Once the pictures are set aside, transcribe the remaining data exactly.

*The data*.
****************************************
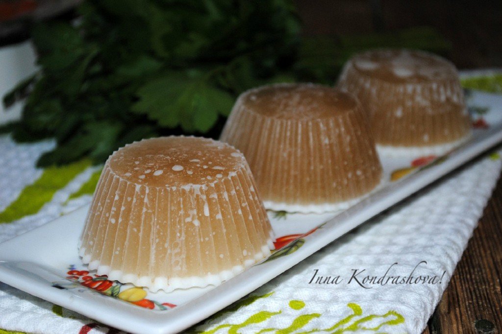 Холодцу из говядины и свиных ножек дать остыть при комнатной температуре, затем убрать в холодильник до полного застывания. Подавать этот вкусный домашний холодец лучше всего с горчицей или хреном.
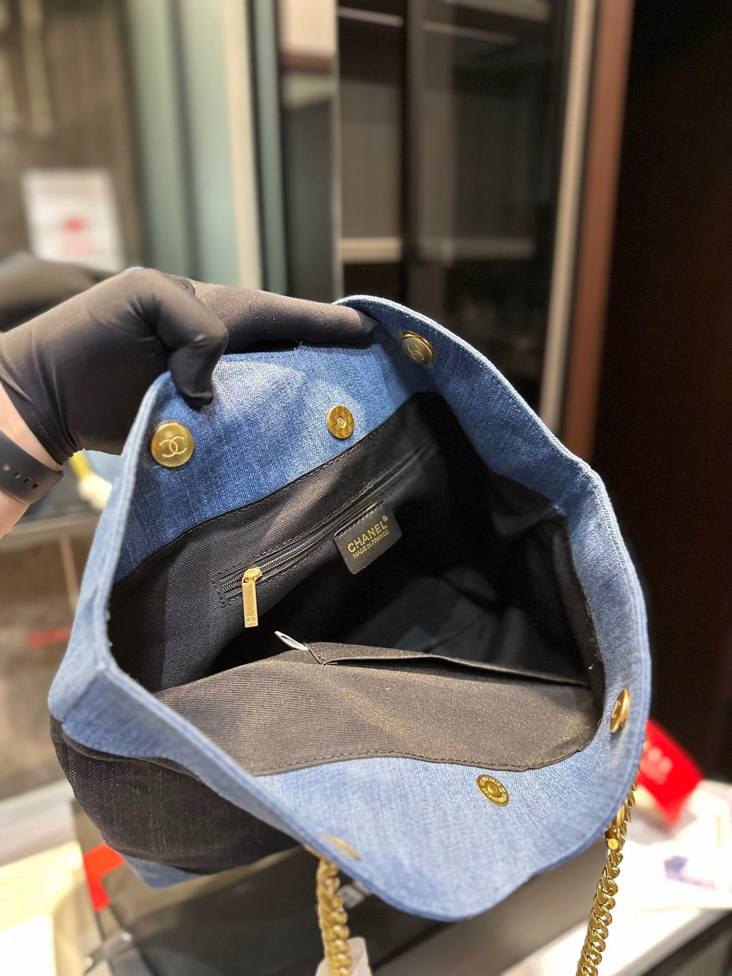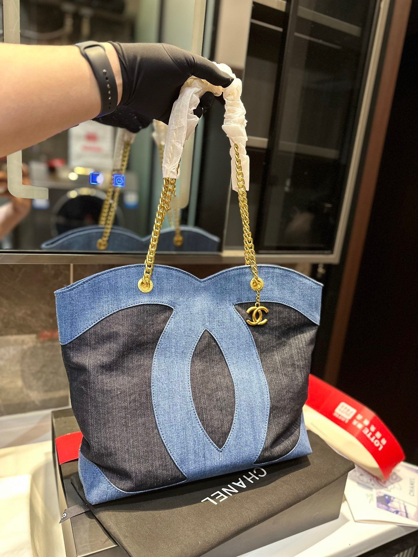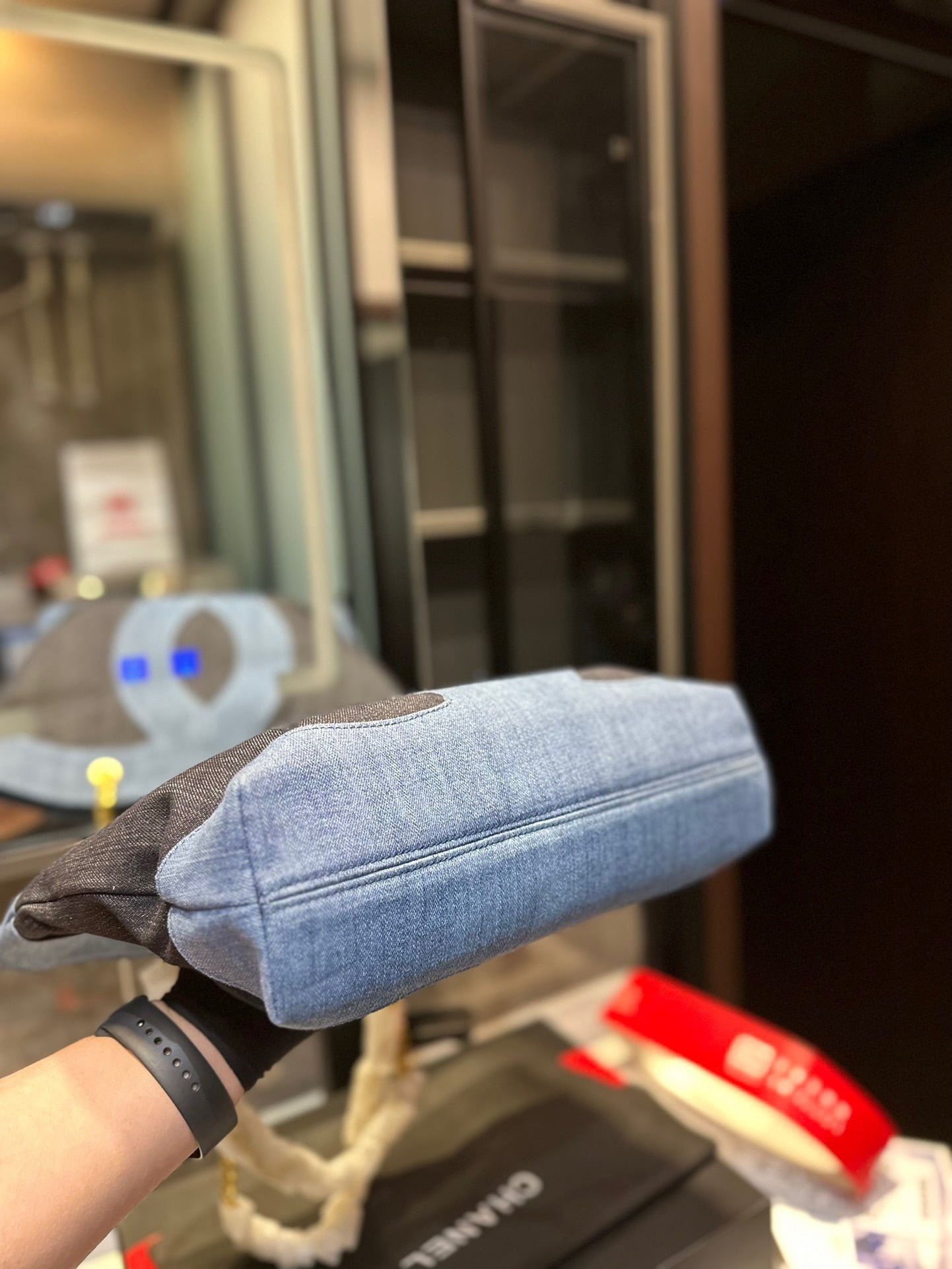 Chanel ramie cotton denim shopping bag beach bag size: 33* 32cm
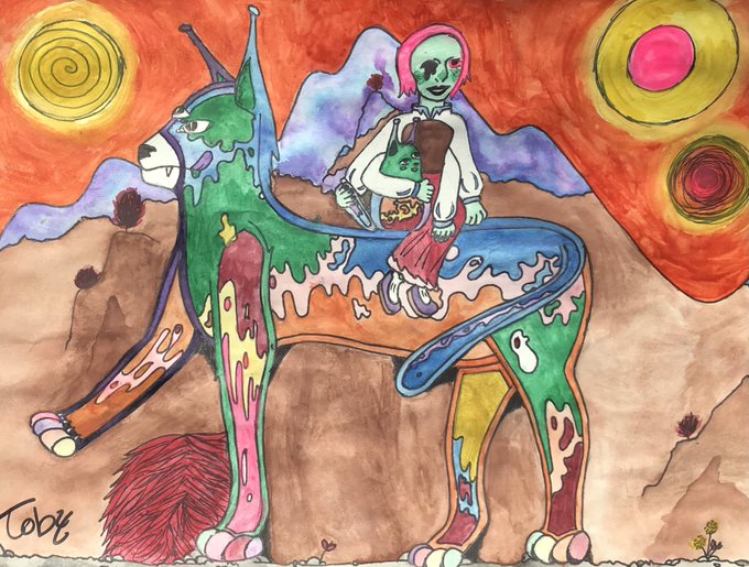 Just an alien girlie with her alien cat, made with watercolor! #Alien #traditionalart #Watercolour #Watercolor #watercolorpainting #Watercolors #art #artistsontwitter #artist #ArtistOfTwitter #drawing #painting #artwork #artmoots
****************************************
*Worked solution*.
 Холодцу из говядины и свиных ножек дать остыть при комнатной температуре, затем убрать в холодильник до полного застывания. Подавать этот вкусный домашний холодец лучше всего с горчицей или хреном.
 Chanel ramie cotton denim shopping bag beach bag size: 33* 32cm
 Just an alien girlie with her alien cat, made with watercolor! #Alien #traditionalart #Watercolour #Watercolor #watercolorpainting #Watercolors #art #artistsontwitter #artist #ArtistOfTwitter #drawing #painting #artwork #artmoots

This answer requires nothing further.